I already have a 150GB Raptor for a program drive and a pair of 300GB VelociRaptors for data. I also already have an Antec Signature 650W PS to turn the lights on and I have a MSI R4850 512M video card on it's way. I won't need much CPU cooling because I won't be overclocking, but I'll probably go with a big, quiet cooler anyway. My old system is nearly silent and I'd like the new one to be the same way.

*So am I making any mistakes here? Any and all constructive input will be appreciated.*

Thanks!

Pete


----------



## boogah (Oct 5, 2008)

if you are not going to OC having an E0 or C1 doesn't matter one bit.  Q9450 would be sufficient also.  I prefer the Q9x series over the Q6x series over amount of cache and 45nm core for it's low heat.  For example the Q9450 @ 2.66 stock speed is 15 - 20% better performing than the Q6700 @ 2.66 stock speed.  reference here >> http://www.cpubenchmark.net/common_cpus.html

I would go with 64bit OS and atleast 4 gig of ram.   You can always run install and run your program in 32bit mode (compatibility options)  Video editing use alot of ram and you want them to be on the ram rather than in virtual memory while you are editing.

Quad Core is best for Video rendering.  But a few video encoders are now using GPU rendering which renders quadcore pretty useless.  (Badaboom and Powerdirector 7) Adobe is working with Nvidia to use GPU acceleration on their CS4 products.

the 4850 runs hot because of it's 1 slot cooler.  Even when you turn the fan up it's not cooling it efficiently and you'll get that familiar sound of the R/C plane motor coming from your case.  I recommend getting an aftermarket cooler to put on (Accelero Twin Turbo is nice and is extremely quiet).

I'm an engineer and animator and I set up my work machine as such from experience.


----------



## Cruvenium (Oct 5, 2008)

ASUS P5E64 WS Evolution? Why may I ask?

DDR3 RAMs are expensive, and the performance gain from a 1066MHz is hard to differentiate.

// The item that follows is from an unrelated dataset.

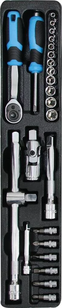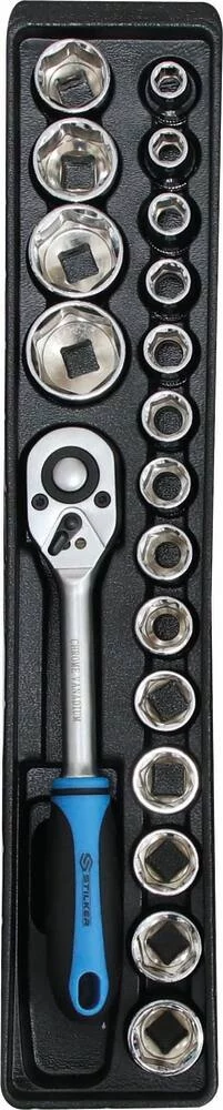 – 18 douilles 1/2″ : 10-11-12-13-14-15-16-17-18-19-20-21-22-23-24-27-30-32 mm
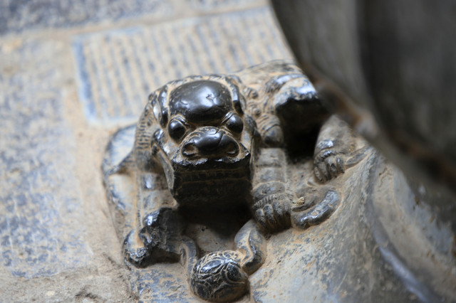 廊柱的底部,有四只石狮子围绕,呼应柱墩的圆形,故名为“狮子滚绣球”,石狮造型生动,惟妙惟肖

Why not just go with a P5Q Premium/Deluxe or a Rampage Formula, and you can put in more money to get another 4850, making it CrossFireX.


----------



## PGR (Oct 5, 2008)

boogah said:


> I would go with 64bit OS and atleast 4 gig of ram.   You can always run install and run your program in 32bit mode (compatibility options)


That's just not an option for me at this time unless I run a dual-boot system with x64 on another partition or drive (which I'll probably do later). My job involves using some very specialized control and data-logging boards and software which won't run under x64. I do a lot of work-related configuration, programming, and debugging at home so my computer has to be compatible with those at work.



boogah said:


> the 4850 runs hot because of it's 1 slot cooler.  Even when you turn the fan up it's not cooling it efficiently and you'll get that familiar sound of the R/C plane motor coming from your case.  I recommend getting an aftermarket cooler to put on (Accelero Twin Turbo is nice and is extremely quiet).


 The MSI R4850 512M is a 2-slot version of the HD 4850 and comes with a very effective (and quiet) heatpipe cooler on it.



			
				Cruvenium said:
			
		

> DDR3 RAMs are expensive, and the performance gain from a 1066MHz is hard to differentiate. Why not just go with a P5Q Premium/Deluxe or a Rampage Formula, and you can put in more money to get another 4850, making it CrossFireX.


I appreciate the input, but I already have the P5E64 WS Evolution and I don't really need to be frugal when it comes to buying components like RAM. At the same time, I'm not interested in running a Crossfire array just because I can if my needs don't require it.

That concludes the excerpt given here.